People who are delusional, who are mentally ill, who elude us in life, take us somewhere—often to someplace we never expected to go. I have received hundreds of letters since Daughter of the Queen of Sheba was published. Many of them talk about experiences far darker than my mother’s, though no less frustrating. Sometimes it is a surviving family member who has written, because the afflicted family member has committed suicide or died. Sometimes the brother or the sister is wandering out there still, unreachable, uncomprehending and incomprehensible. I do think that the fear, the lack of understanding, the guilt, and the stigma that attach to these disorders deep in the wellsprings of thinking—and I suppose of our human biology—will lessen in time. I think more demands will have to be made for acceptance, for fair health practices, for money and for insurance coverage. But even in a perfect world, we will be left or have been left with the reality of unreality—the days when all the world’s language hurts too much, or when all its footsteps pass too quickly, when we are the image I used to have of my mother in my brain—of the girl at the bottom of a well I could never reach. Those will be the days when literature fills the gap, as myths have done at one time and tales of the Gods have done in another, when we will only know that our understanding is imperfect and our compassion strained. Those are the days when stories like Daughter of the Queen of Sheba, I hope, will have to suffice—(you might also try reading Yeats) because in creating a connection to ourselves, we do create a connection to that trackless chaos outside of us. And once you have that dialogue in your own imagination of who you are and who is that “other” that you may or may not be able to pull from the well, you have a dialogue. What you choose to do with it, of course, is up to you. My mother sometimes says she will write her own book.
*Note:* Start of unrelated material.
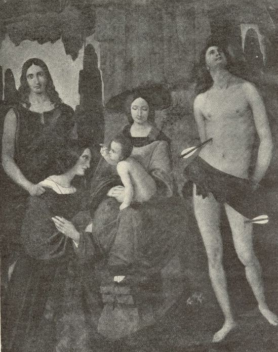 A madonna arca az előkelő úrnőé, Beltrafiio ugyanazt a típust - kerekebb orcával ismétli a Lochis-gyűjtemény 114. számú tondóján (fot. Taramelli). A kezét áldásra emelő gyermek Jézus alakja Leonardo sziklabarlangos madonnájáról való, csak kissé előbbre hajlik, ugyanonnan való a sziklás szakadék is. A megkötözött sz. Sebestyén karcsú és gyöngéd ifjú, ez magában véve még leonardesco vonás. E szentet a művészet régibb korszakaiban tudvalevőleg idősbb harcosnak ábrázolták és midőn a mezítelen test iránt való érzék megerősödött: lassankint átalakították a keresztény művészet ifjú Apollójává. Az én érzésem szerint ez a patetikus és a víziók boldogságát sejtető sz. Sebestyén, sajátságosan hat ebben a környezetben és epekedő alakja Peruginóból való emlék. Michele Marini-nek sz. Sebestyén-szobra a római S. Maria sopra Minerva-ban például azonos alak a mienkkel. S Beltraftiónak ezért nem kellett éppen Rómába mennie - - ami különben be-bizonyítottnak vehető —, mert Peruginót ösmerték s ünnepelték Paviában, Cremonában, Velencében, Firenzében is. Vessük össze a mi alakunkkal Perugino sz. Sebestyénét ama madonnaképen, amelyet a Fiesole-beli S. Domenico-templom számára festett - - most az Uffizi-gyűjteményben — s amelyet nevével és az 1493-as évszámmal jegyzett.43 Nem véletlen, hogy Vasari ezt a sz. Sebestyént rendkívüli dicsérettel halmozza el, mert Perugino művészi érzésvilágát épp azon időkben fogadta magába egész Közép-Olaszország, bár ő maga művészetének delelő pontján immár túl volt. Vagy gondoljunk a Louvreben levő Apolló és Marsziasz folyamatos szép vonalaira. Nemcsak az alak átérzésében, hanem még külsőségekben is - - hogy például bal lábát hátrahelyezi - Perugino követését, Perugino utánérzését látjuk a mi sz. Sebestyénünkön.

Whether she does or not, I will always love the fact that she has the courage which gave me the encouragement to write this one. This book is a testament to her courage, and that you can survive being shattered, even when you do not think that is possible. Her courage gave me this book, and I am in turn, giving it to you.
I have said before that I miss the Queen of Sheba. In some senses that is absolutely true—I miss her dramatic power, her sense of the outrageous, her daily reminder that only our fears keep us anchored to reality. What transports us is our vision. But I want to keep on missing Sheba. I don’t need to see her again—I have her here, right on the page.